S Onder Alpdogan1, Sydney X Lu, Neel Patel, Suzanne McGoldrick, David Suh, Tulin Budak-Alpdogan, Odette M Smith, Jeremy Grubin, Christopher King, Gabrielle L Goldberg, Vanessa M Hubbard, Adam A Kochman, Marcel R M van den Brink.   

Abstract

Delayed T-cell recovery is an important complication of allogeneic bone marrow transplantation (BMT). We demonstrate in murine models that donor BM-derived T cells display increased apoptosis in recipients of allogeneic BMT with or without GVHD. Although this apoptosis was associated with a loss of Bcl-2 and Bcl-X(L) expression, allogeneic recipients of donor BM deficient in Fas-, tumor necrosis factor-related apoptosis-inducing ligand (TRAIL)- or Bax-, or BM-overexpressing Bcl-2 or Akt showed no decrease in apoptosis of peripheral donor-derived T cells. CD44 expression was associated with an increased percentage of BM-derived apoptotic CD4(+) and CD8(+) T cells. Transplantation of RAG-2-eGFP-transgenic BM revealed that proliferating eGFP(lo)CD44(hi) donor BM-derived mature T cells were more likely to undergo to apoptosis than nondivided eGFP(hi)CD44(lo) recent thymic emigrants in the periphery.
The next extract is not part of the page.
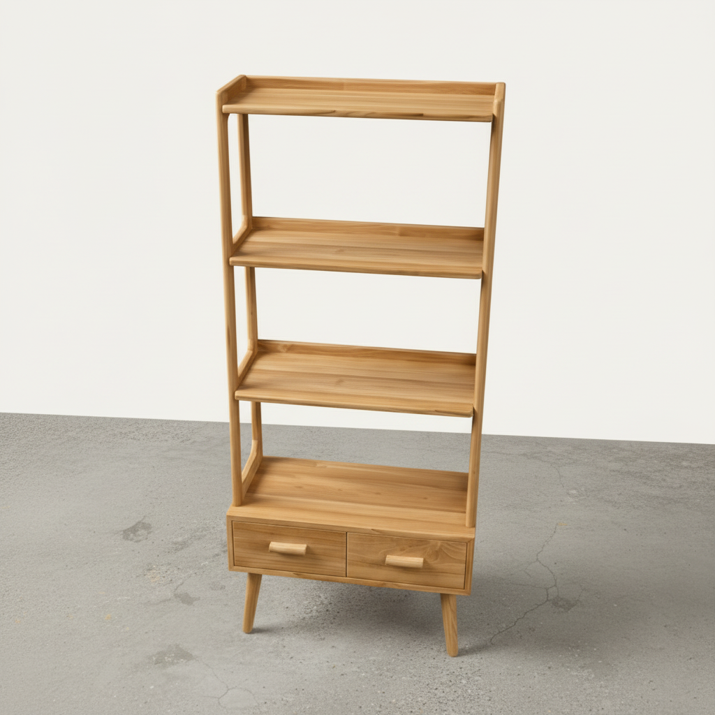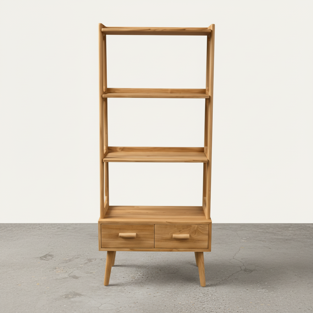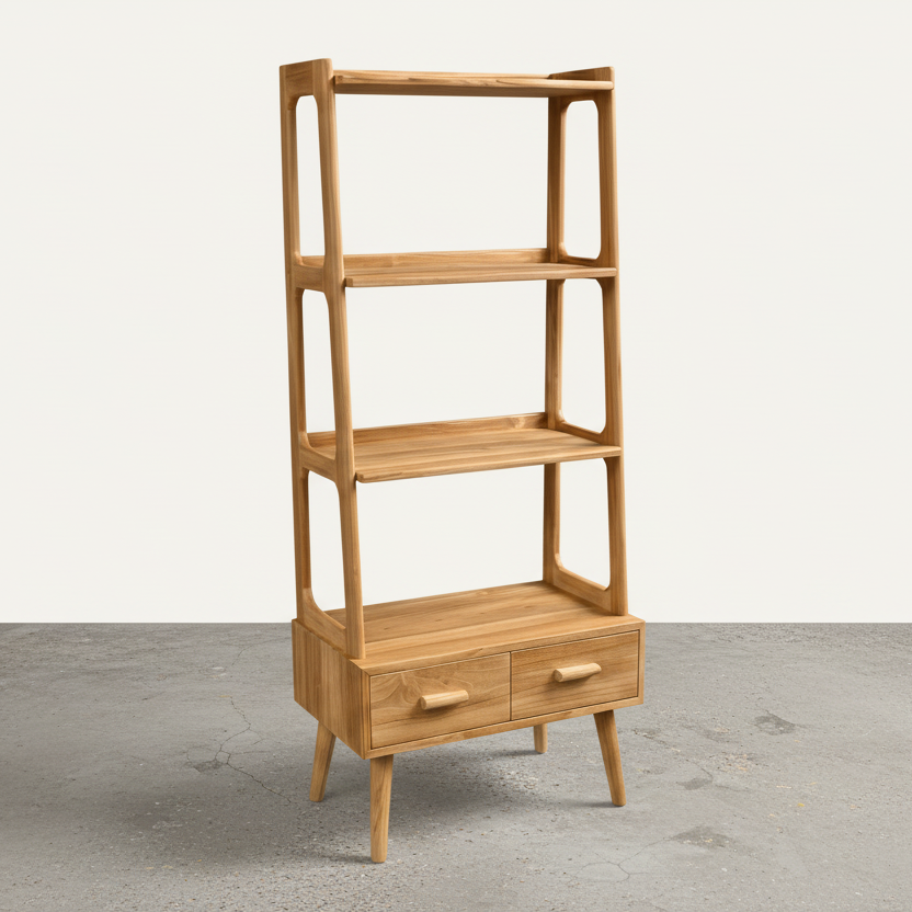 Enhance your space with the unique design of the Ramberg Shelf Unit. The retro style and lighter coloured wood add a touch of sophistication and charm. Perfect for displaying your favorite decor, this unit will elevate the look of any room.

Finally, experiments using carboxyfluorescein succinimidyl ester-labeled T cells adoptively transferred into irradiated syngeneic hosts revealed that rapid spontaneous proliferation (as opposed to slow homeostatic proliferation) and acquisition of a CD44(hi) phenotype was associated with increased apoptosis in T cells. We conclude that apoptosis of newly generated donor-derived peripheral T cells after an allogeneic BMT contributes to delayed T-cell reconstitution and is associated with CD44 expression and rapid spontaneous proliferation by donor BM-derived T cells.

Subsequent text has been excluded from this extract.